• INFORMATION SUPPLIED:
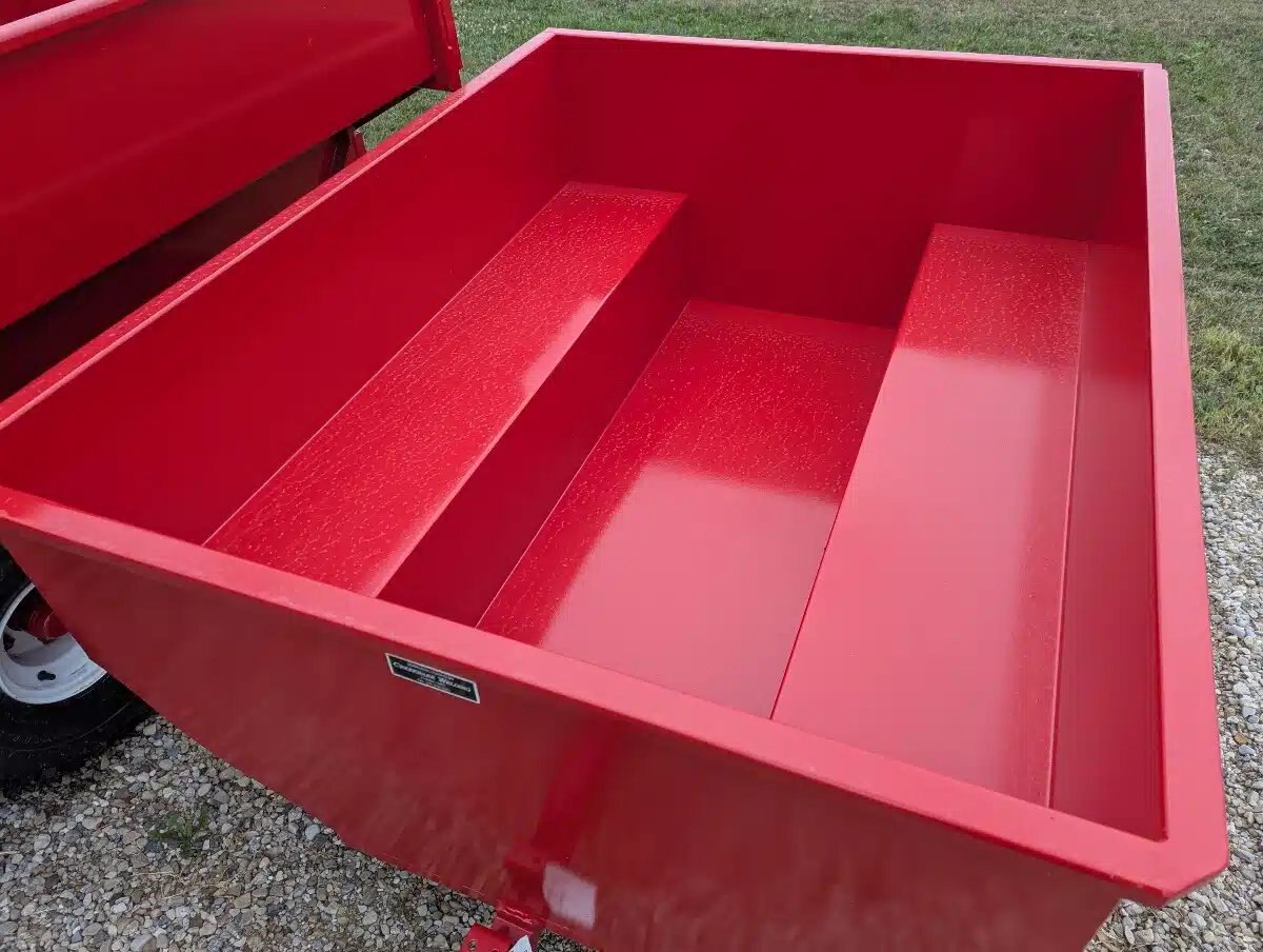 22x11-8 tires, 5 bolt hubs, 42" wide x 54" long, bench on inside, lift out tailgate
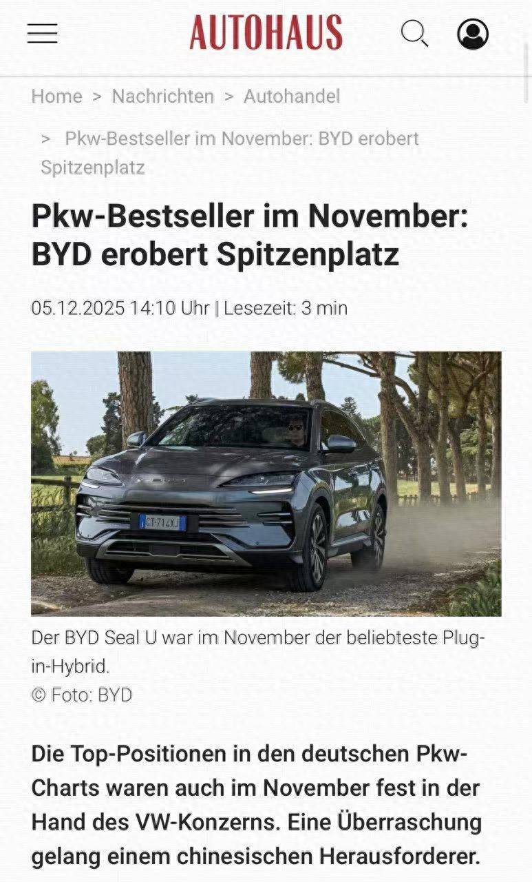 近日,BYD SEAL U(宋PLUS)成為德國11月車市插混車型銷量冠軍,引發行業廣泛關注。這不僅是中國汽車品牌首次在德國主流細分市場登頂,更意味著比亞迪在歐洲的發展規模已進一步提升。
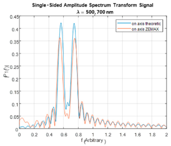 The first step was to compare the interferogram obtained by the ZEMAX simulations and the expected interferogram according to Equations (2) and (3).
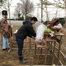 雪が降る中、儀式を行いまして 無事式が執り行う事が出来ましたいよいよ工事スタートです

• EXERCISE DETAILS:
Without the pictures, write out the listing exactly as it appears above.

• SOLVED PROBLEM:
 22x11-8 tires, 5 bolt hubs, 42" wide x 54" long, bench on inside, lift out tailgate
 近日,BYD SEAL U(宋PLUS)成為德國11月車市插混車型銷量冠軍,引發行業廣泛關注。這不僅是中國汽車品牌首次在德國主流細分市場登頂,更意味著比亞迪在歐洲的發展規模已進一步提升。
 The first step was to compare the interferogram obtained by the ZEMAX simulations and the expected interferogram according to Equations (2) and (3).
 雪が降る中、儀式を行いまして 無事式が執り行う事が出来ましたいよいよ工事スタートです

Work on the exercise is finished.